Crônica de enfermaria

Nereu Afonso

Foi num enferrujado e abarrotado ônibus que cortava os altiplanos da Bolívia que ele aprendeu a balbuciar a única frase que conhece até hoje em quéchua: Mana Kanchu kolqe. A frase significa “não tenho dinheiro” e na ocasião ele achava que lhe serviria a barganhar os preços nas hospedarias e mercados andinos por onde deambulava. Ingenuidade, arrogância besta de turista tosco!
O fato é que, quinze anos depois, essa mesma frase despencou de sua memória e se tornou o nó em torno do qual giraria sua relação de palhaço de hospital com um menino boliviano internado semanas e semanas em uma enfermaria de São Paulo.
Ele, o palhaço, chegou aos poucos. Ele, o menino, observava de longe, sem muitas reações aparentes. Diante disso, o palhaço poderia ter abreviado a visita – “olha, na quarta-feira eu volto, tá?” -, mas não, já na primeira “consulta”, sabe-se lá porque cargas d’água, sem que ninguém lhe pedisse nada, soltou um Mana Kanchu kolqe, assim, meio cochichado. Não deu outra. Curiosidade no ar. Um fiapo de conexão surgiu.
Dessas suas primeiras saudações em quéchua mal pronunciado, aos cantos da floresta arranhados pelo menino, passando pela paródias de coreografia que dançaram juntos, eram lhamas, cordilheiras, olhos puxados, a própria Cochabamba se instalando na pediatria e, aos poucos, o garoto alargando as comissuras do sorriso. Mas gargalhada de há há há geral, só depois. Mas aconteceu. Aconteceu num outro dia, em reação a uma trapalhada imensa, uma gag mal executada que, sem querer, levou a bandeja (vazia, ufa!) do almoço pelos ares.
E nesse espírito aconteceram as outras visitas.

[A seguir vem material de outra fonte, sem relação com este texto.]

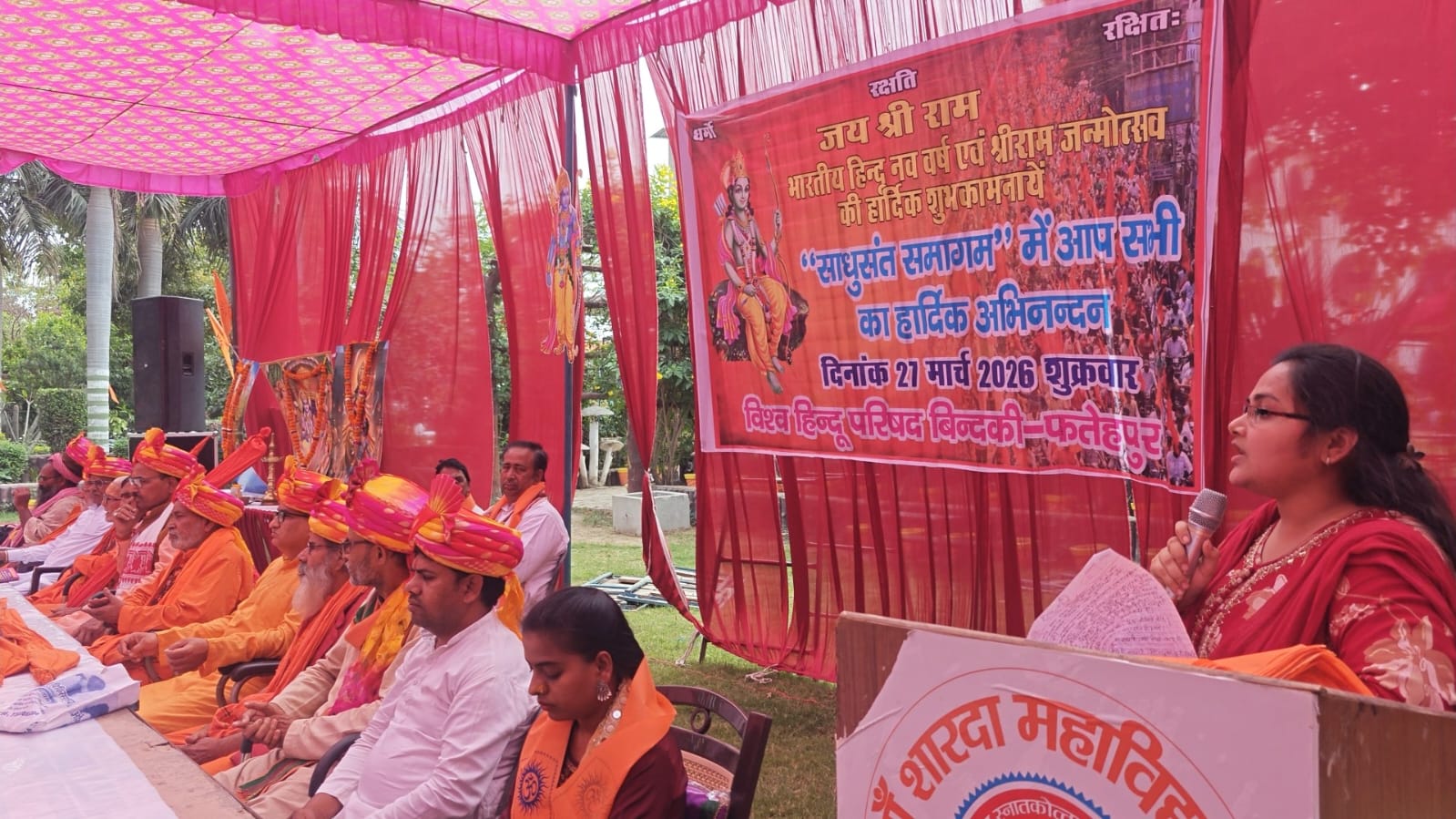 उत्तर प्रदेश फ़तेहपुर जिलें के बिंदकी कस्बे में विश्व हिंदू परिषद द्वारा साधु संत समागम कार्यक्रम का आयोजन किया गया जिसमें आए हुए साधु तथा संतों ने सनातन धर्म को मजबूत करने तथा राष्ट्र प्रेम व राष्ट्र की रक्षा पर बल दिया है। कहां की हिंदुओं में एकजुट की भावना होनी चाहिए तभी सनातन धर्म की रक्षा हो सकेगी। जानकारी के अनुसार बिंदकी कस्बे के कुंवरपुर रोड स्थित मां शारदा महाविद्यालय में शुक्रवार को दिन में करीब 11:00 बजे से विश्व हिंदू परिषद द्वारा भारतीय हिंदू नव वर्ष एवं श्री राम जन्मोत्सव के मौके पर साधु संत समागम कार्यक्रम का आयोजन किया गया। इस मौके पर हवन पूजन उपरांत विशाल भंडारे का आयोजन भी किया गया। भंडारे का शुभारंभ कन्या भोज के साथ किया गया। इसके बाद साधु संतों को भोजन कराया गया इसके बाद लगातार भंडारा चला रहा जिसमें कई हजार लोगों ने प्रसाद पाया और धन्य हुए। साधु संत समागम कार्यक्रम में साधु संतों को सम्मानित भी किया गया। साधु संत समागम कार्यक्रम के मुख्य अतिथि डंडी आश्रम के रामास्वामी ने सनातन धर्म की मजबूती राष्ट्र रक्षा और सामाजिक एकता पर जोर दिया उन्होंने हिंदू एकता पर बल दिया तथा कुरीतियों को मिटाकर भाईचारे का संदेश दिया। कार्यक्रम के मुख्य वक्ता कानपुर प्रांत धर्माचार्य संपर्क प्रमुख गणेश शर्मा ने नैतिक मूल्यों और सत्संग के माध्यम से समाज को सही दिशा दिखाने की बात कही।

Quase um mês inteiro de encontros, de cantorias corredor afora, de blábláblá nutritivo, de gags, cenas, jogos, pulverizados por um sorriso aqui, por uma preocupação ali e por esperança em toda parte.
Até que chegou o dia da alta.
No corredor, o menino chamava o palhaço: Ei, Mana Kanchu kolqe (ali ele nunca foi chamado de palhaço ou coisa do gênero, ali era “Mana Kanchu kolqe”, a frase que virou nome).
Pois não, disse.
Meu amigo Mana Kanchu kolqe, estou indo embora hoje.
Ah, então vou fazer uma música para você lembrar e cantar a tarde inteira, disse. E fez.
Em resposta, o menino lhe disse: A música até que é bonitinha, mas vou lembrar de você a vida inteira, tudo bem?
Glup, o palhaço engasgou.
Não se sabe se vai lembrar mesmo, é provável que sim. É provável que o palhaço também se lembre do garoto. Quem garante o que pipocará no vão do futuro? Ele jamais imaginaria que a frase que não lhe serviu pra nada no altiplano boliviano lhe seria tão útil, quinze anos depois, num quarto de hospital de São Paulo.
Não sabia que depois do tchau, depois de fechar a porta do quarto do menino pela última vez, caminharia em silêncio, até um cantinho reservado, para discretamente enxugar a comoção dos olhos. Não sabia de nada disso. E tudo bem.